Question : How much water does the average person actually need to drink? And is there such a thing as Also a lot?
A: If you don’t sip from a 64 ounce Stanley cup all day, are you still alive? Hydration is having a moment again: TikTok videos with the hashtag #watertok now have over a billion views.
Whether you drink from a trendy tumbler or a regular old glass, there’s no universal answer to how much water you should drink per day. The closest thing to a water intake recommendation in the United States comes from the National Academy of Medicine, which in 2004 reported that healthy men generally stay adequately hydrated when they drink at least three liters (nearly 13 cups) of water per day. and that women are generally hydrated when they drink at least 2.2 liters (a little more than nine cups) per day, not including the water they consume through food.
But these guidelines should not be taken as gospel, experts say.
“Most people, even if they stay below this recommendation, will do very well,” said Dr. Siddharth P. Shah, a nephrologist at the Hospital of the University of Pennsylvania who specializes in hydration and electrolyte balance.
Question : When should I drink water and how much?
A: Water is of course crucial to our survival. It helps us eliminate waste, maintain blood pressure, regulate body temperature and much more.
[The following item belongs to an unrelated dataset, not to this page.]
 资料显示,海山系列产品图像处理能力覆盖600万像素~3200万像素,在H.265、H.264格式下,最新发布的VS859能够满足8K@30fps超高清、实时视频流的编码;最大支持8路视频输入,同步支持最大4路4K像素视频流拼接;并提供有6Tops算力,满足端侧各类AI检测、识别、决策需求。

Some people need more water than others. Particularly active people — who have physically demanding jobs or exercise a lot — lose more water through sweat and will need to compensate by drinking more water, said emergency medicine specialist Dr. George Chiampas. at Northwestern Medicine and chief medical officer. for the American Football Federation.
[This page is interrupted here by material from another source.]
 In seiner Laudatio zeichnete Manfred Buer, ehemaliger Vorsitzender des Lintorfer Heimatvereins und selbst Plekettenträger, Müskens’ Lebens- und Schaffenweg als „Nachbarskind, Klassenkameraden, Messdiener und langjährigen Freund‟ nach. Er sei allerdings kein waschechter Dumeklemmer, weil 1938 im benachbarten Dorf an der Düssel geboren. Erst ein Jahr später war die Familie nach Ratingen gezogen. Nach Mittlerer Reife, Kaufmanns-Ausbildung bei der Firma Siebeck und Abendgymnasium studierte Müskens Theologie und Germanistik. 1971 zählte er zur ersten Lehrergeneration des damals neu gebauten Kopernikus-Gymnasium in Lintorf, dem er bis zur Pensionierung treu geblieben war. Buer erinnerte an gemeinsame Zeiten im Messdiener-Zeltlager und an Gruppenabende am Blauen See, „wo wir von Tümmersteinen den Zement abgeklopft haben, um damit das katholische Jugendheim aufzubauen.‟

People may also need to drink more if they live in hot climates, have a larger body or a lot of muscle mass, have loose stools, are pregnant or breastfeeding, or have had kidney stones or recurrent infections of the urinary tract, according to experts.
Over the course of life, a person’s water needs also change. Typically, as people age, they lose muscle and gain fat, Shah said. Because fat contains less water than muscle, people generally need to consume less water as they age to maintain healthy tissues.
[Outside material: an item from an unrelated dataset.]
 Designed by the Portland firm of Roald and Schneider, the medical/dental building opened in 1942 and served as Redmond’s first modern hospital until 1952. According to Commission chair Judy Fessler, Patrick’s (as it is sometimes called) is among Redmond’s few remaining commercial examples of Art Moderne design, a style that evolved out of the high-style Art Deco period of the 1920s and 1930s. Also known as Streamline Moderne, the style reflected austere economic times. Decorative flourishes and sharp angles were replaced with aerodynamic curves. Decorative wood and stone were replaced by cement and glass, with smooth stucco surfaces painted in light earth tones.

Yet some older people still don’t consume as much water as they need, Shah said, because older people’s bodies — especially research suggests those over 60 — are not as efficient to detect thirst. The level of dehydration “that would make you thirsty at 40 might not make you as thirsty at 80,” he said.
If you’re thirsty, you’re probably dehydrated and should drink water, said Dr. Alysia Robichau, a family and sports medicine physician at Houston Methodist.
There may also be more subtle signs of dehydration, like constantly feeling cold or dry skin, Robichau said. People with acute or chronic dehydration may also experience headaches or dry eyes, she added.
Because people deprive themselves of water while they sleep, “most people wake up and are already dehydrated,” Chiampas said. It’s usually a good idea, he says, to start the day with a drink.
It’s perfectly fine to add flavorings to your water or drink sparkling water, Robichau said — but she cautioned that coffee and other caffeinated drinks might not be as hydrating as drinks caffeine free. Drinking a caffeinated beverage, especially if you don’t drink it regularly, can reduce the kidneys’ ability to absorb water, leading to additional water loss through urine. Alcoholic beverages are also dehydrating.
Keep in mind that you can also get water through food. Some fruits and vegetables, like watermelon and celery, are mostly water, Shah said. The National Academy of Medicine estimates that people get an average of 20 percent of their water through food.
It’s unlikely that most people drink too much water, but it is possible, especially among endurance athletes who drink a lot of water quickly, Chiampas said. This can disrupt the balance of sodium and potassium in the body and lead to potentially fatal water poisoning.
The Centers for Disease Control and Prevention advises drinking no more than 48 ounces of water per hour. Also keep in mind that there are probably no health benefits to consuming tons of water.
“People carry a lot of excessively large water bottles these days,” Shah said. “But the overwhelming majority of people don’t need to drink too much water.”
Wenner Moyer is a freelance writer. This article appeared in the New York Times.